### Dataset records ###

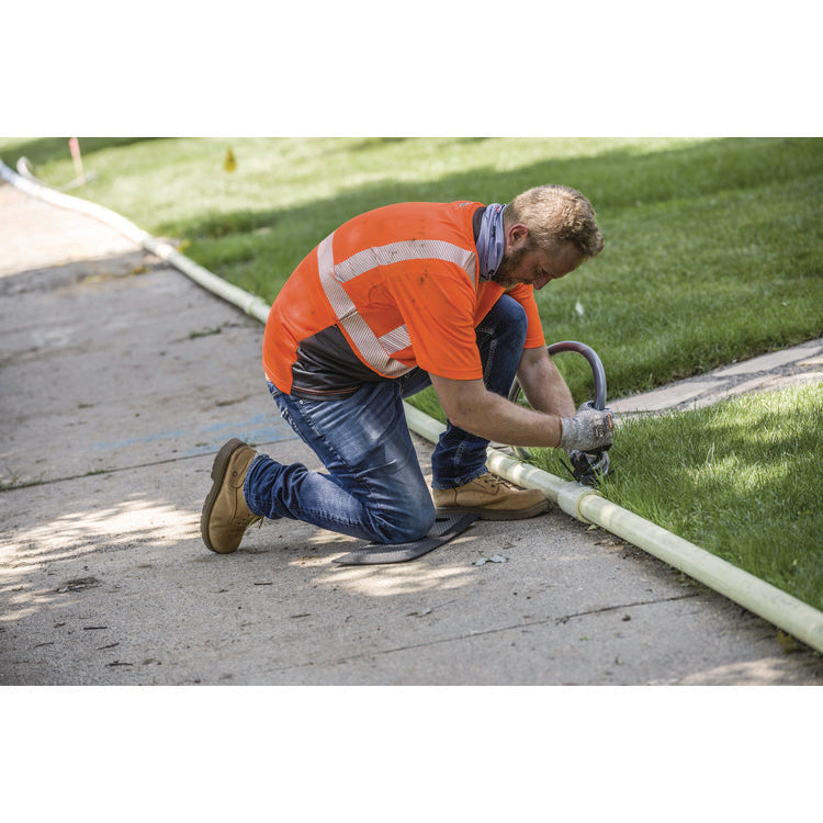 Class 2 black front performance T-shirt made of lightweight birdseye knit paired with 3M Scotchlite Comfort Trim. Moisture wicking treatment and armpit vents keep the user cool and dry. 30+ UPF for protection against harmful UV. An outside chest pocket to keep small items accessible. Black front and collar hide dirt and wear. Apparel Type: Hi-Vis Shirt; Material(s): Polyester; Color(s): Orange; Color Family: Orange.
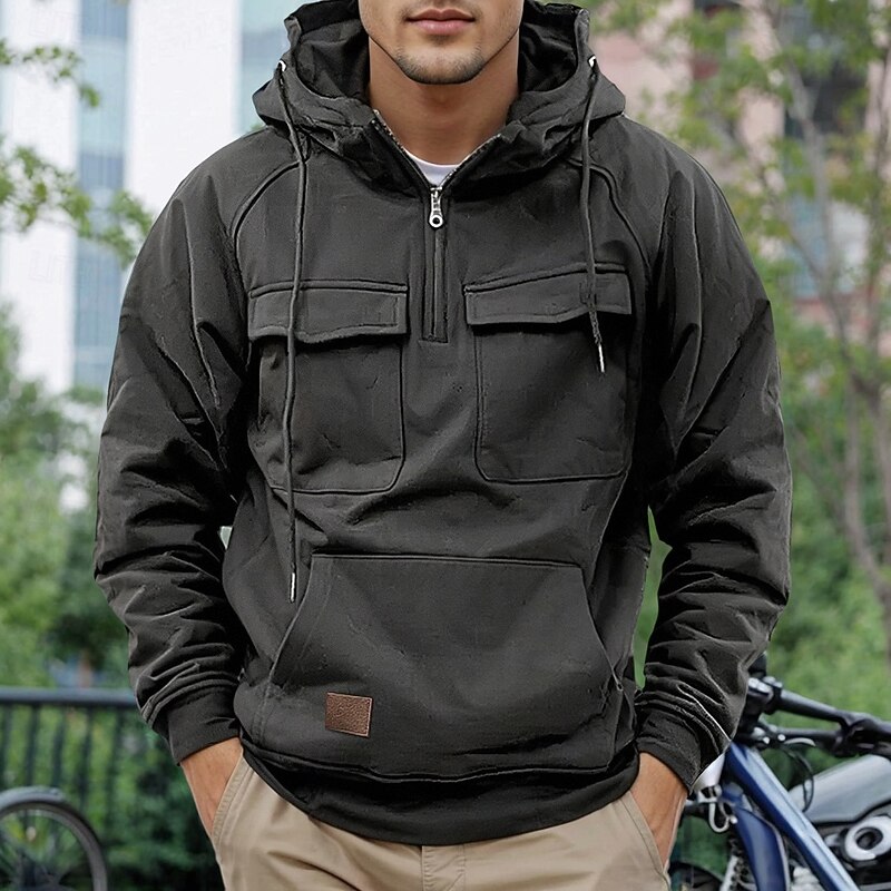 More information about Men's Hoodie Quarter Zip Hoodie Tactical Hoodie Tactical Wine Red Black Wine Army Green Navy Blue Hooded Plain Pocket Tactical Sports & Outdoor Daily Streetwear Cool Casual Spring & Fall
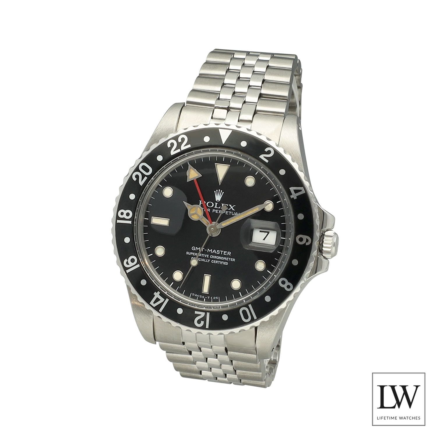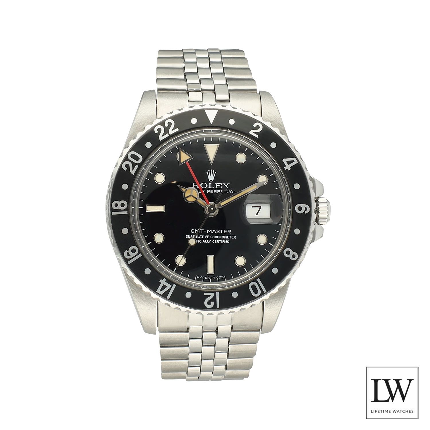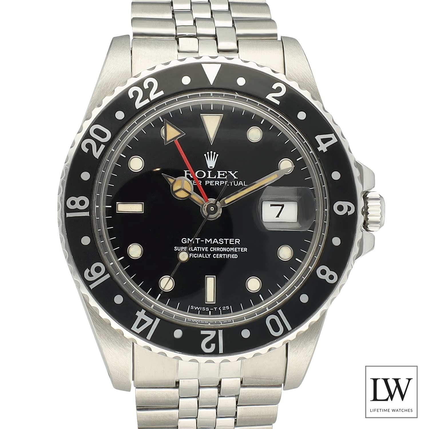 Die Uhr verfügt über ein 40 mm Gehäuse aus Oystersteel, kombiniert mit einer schwarzen Aluminium bidirektionalen 24-Stunden-Lünette und einem schwarzen Zifferblatt, das die unverwechselbare und zeitlose Ästhetik der GMT-Master verkörpert. Ausgestattet mit einem Jubilee-Armband bietet diese Konfiguration sowohl Komfort als auch Vintage-Charme, was sie besonders begehrenswert bei Sammlern macht.
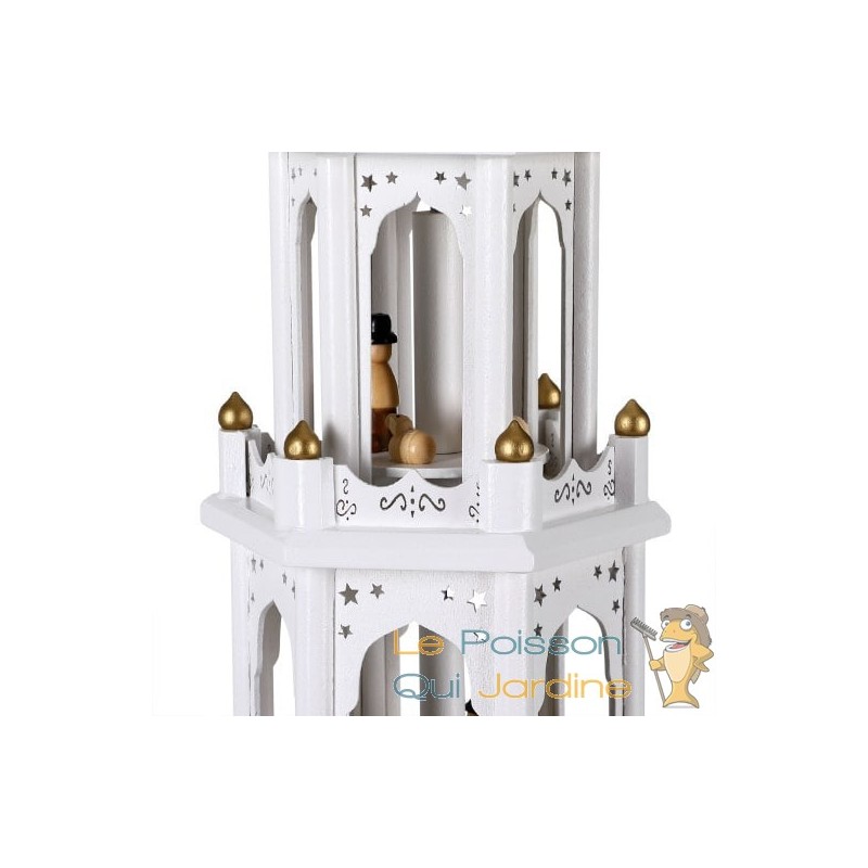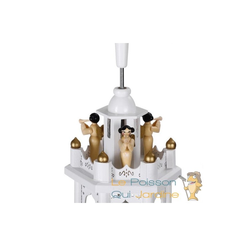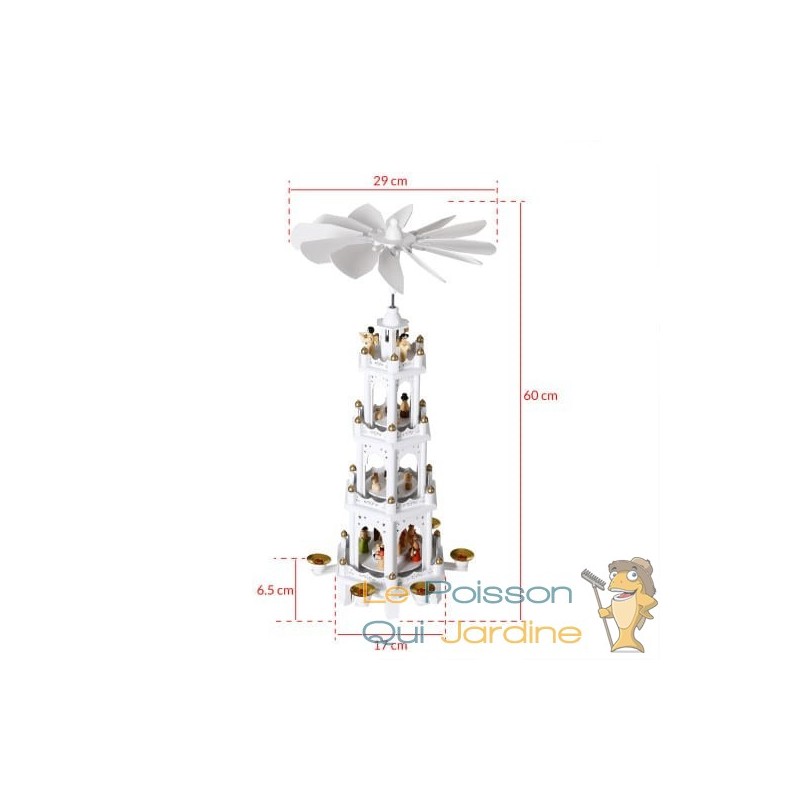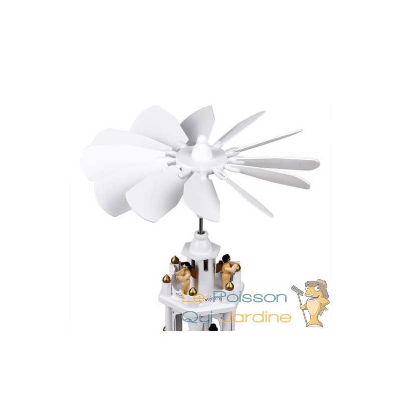 Les hélices en bois de ce moulin sont mises en mouvement par la chaleur des bougies, créant une danse gracieuse des personnages en cercle. Cette animation délicate ajoute une touche de charme et d'élégance à votre espace, transformant le moulin en une pièce décorative captivante. La symbiose entre les bougies et les hélices en bois offre une expérience visuelle apaisante et poétique, faisant de ce moulin un élément unique et enchanteur de votre décoration. Optez pour cette création artistique pour apporter une ambiance chaleureuse et artistique à votre environnement.C'est une élégante décoration classique qui ne manquera pas d'ajouter une atmosphère festive à votre intérieur.
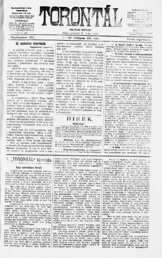 Torontál, 34. évf. 1905. augusztus 4. 176. sz.
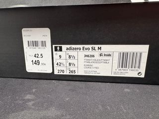 Zapatillas Adidas adizero evo sl con SOLO 5KM talla 42 2/3 - Diseño deportivo. - Detalles de las tres rayas. - Suela con tecnología Lightstrike Pro.
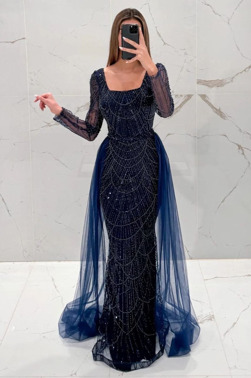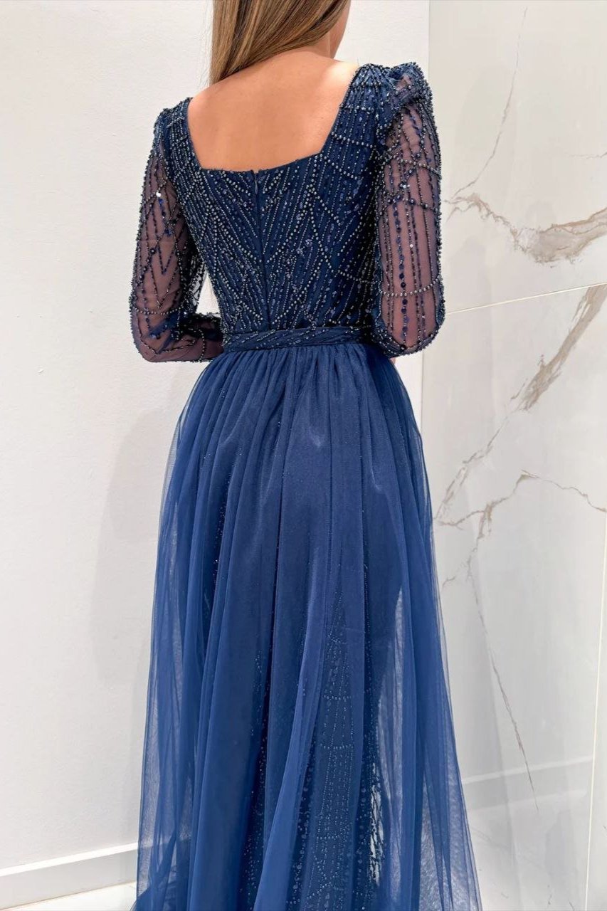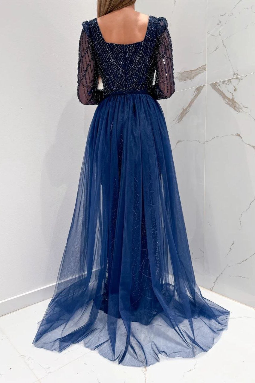 فستان سهرة كحلي طويل مطرز بالخرز مع أكمام شفافة وتنورة تول فاخرة
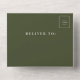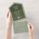 Introducing our classic all-in-one invitation featuring a sage green on olive green colour palette with cream text. This invitation is perfect for couples seeking a sleek, minimalist and classic aesthetic for their special day. The highlight of this invitation is the convenient QR code, allowing guests to RSVP effortlessly using their smartphones. For traditionalists, we've included a traditional paper RSVP option as well. With the all-in-one design, guests can easily tear away the RSVP section and send it back. Additionally, we've provided email information for RSVPs, ensuring a seamless and convenient RSVP process.
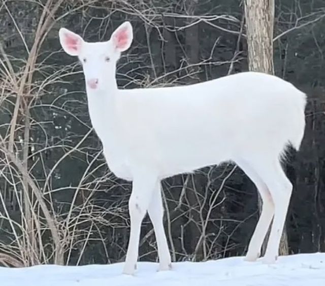25초 분량의 영상에는 눈 쌓인 도로에 선 알비노 사슴의 모습이 담겼다. 사슴의 털은 눈처럼 새하얗고, 귀 안쪽과 눈, 코는 옅은 분홍빛을 띠었다.
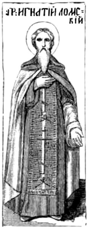 Преп. Игнатий полагал начало иноческому житию в Кирилловом Белозерском монастыре; потом подвизался в 60 вер. от Вологды, близ бывшего города Ломска, и здесь основал Спасскую пустынь, которая долго называлась Игнатиевой Спасской, а потом с 1673 г. Ломовским монастырём и Верхоломской пустынью. Любитель безмолвной жизни, предоставив управлять основанною пустынью одному из учеников своих, удалился из неё на берег р. Сарры в Вадожскую волость и здесь жил отшельником. Когда же и сюда собрались к нему ревнители иноческой жизни, он построил для них храм Покрова Богородицы, и таким образом основалась Вадожская Богородичная пустынь. Преподобный Игнатий почил от трудов своих 28 декабря 7100=1591 г. Мощи его почивают под спудом в закрытой Вадожской пустыни Вологодской епархии369.

###

→ **Action item**
Would you set down each line of the data exactly, with no images included?

→ **Result of the exercise**
 Class 2 black front performance T-shirt made of lightweight birdseye knit paired with 3M Scotchlite Comfort Trim. Moisture wicking treatment and armpit vents keep the user cool and dry. 30+ UPF for protection against harmful UV. An outside chest pocket to keep small items accessible. Black front and collar hide dirt and wear. Apparel Type: Hi-Vis Shirt; Material(s): Polyester; Color(s): Orange; Color Family: Orange.
 More information about Men's Hoodie Quarter Zip Hoodie Tactical Hoodie Tactical Wine Red Black Wine Army Green Navy Blue Hooded Plain Pocket Tactical Sports & Outdoor Daily Streetwear Cool Casual Spring & Fall
 Die Uhr verfügt über ein 40 mm Gehäuse aus Oystersteel, kombiniert mit einer schwarzen Aluminium bidirektionalen 24-Stunden-Lünette und einem schwarzen Zifferblatt, das die unverwechselbare und zeitlose Ästhetik der GMT-Master verkörpert. Ausgestattet mit einem Jubilee-Armband bietet diese Konfiguration sowohl Komfort als auch Vintage-Charme, was sie besonders begehrenswert bei Sammlern macht.
 Les hélices en bois de ce moulin sont mises en mouvement par la chaleur des bougies, créant une danse gracieuse des personnages en cercle. Cette animation délicate ajoute une touche de charme et d'élégance à votre espace, transformant le moulin en une pièce décorative captivante. La symbiose entre les bougies et les hélices en bois offre une expérience visuelle apaisante et poétique, faisant de ce moulin un élément unique et enchanteur de votre décoration. Optez pour cette création artistique pour apporter une ambiance chaleureuse et artistique à votre environnement.C'est une élégante décoration classique qui ne manquera pas d'ajouter une atmosphère festive à votre intérieur.
 Torontál, 34. évf. 1905. augusztus 4. 176. sz.
 Zapatillas Adidas adizero evo sl con SOLO 5KM talla 42 2/3 - Diseño deportivo. - Detalles de las tres rayas. - Suela con tecnología Lightstrike Pro.
 فستان سهرة كحلي طويل مطرز بالخرز مع أكمام شفافة وتنورة تول فاخرة
 Introducing our classic all-in-one invitation featuring a sage green on olive green colour palette with cream text. This invitation is perfect for couples seeking a sleek, minimalist and classic aesthetic for their special day. The highlight of this invitation is the convenient QR code, allowing guests to RSVP effortlessly using their smartphones. For traditionalists, we've included a traditional paper RSVP option as well. With the all-in-one design, guests can easily tear away the RSVP section and send it back. Additionally, we've provided email information for RSVPs, ensuring a seamless and convenient RSVP process.
25초 분량의 영상에는 눈 쌓인 도로에 선 알비노 사슴의 모습이 담겼다. 사슴의 털은 눈처럼 새하얗고, 귀 안쪽과 눈, 코는 옅은 분홍빛을 띠었다.
 Преп. Игнатий полагал начало иноческому житию в Кирилловом Белозерском монастыре; потом подвизался в 60 вер. от Вологды, близ бывшего города Ломска, и здесь основал Спасскую пустынь, которая долго называлась Игнатиевой Спасской, а потом с 1673 г. Ломовским монастырём и Верхоломской пустынью. Любитель безмолвной жизни, предоставив управлять основанною пустынью одному из учеников своих, удалился из неё на берег р. Сарры в Вадожскую волость и здесь жил отшельником. Когда же и сюда собрались к нему ревнители иноческой жизни, он построил для них храм Покрова Богородицы, и таким образом основалась Вадожская Богородичная пустынь. Преподобный Игнатий почил от трудов своих 28 декабря 7100=1591 г. Мощи его почивают под спудом в закрытой Вадожской пустыни Вологодской епархии369.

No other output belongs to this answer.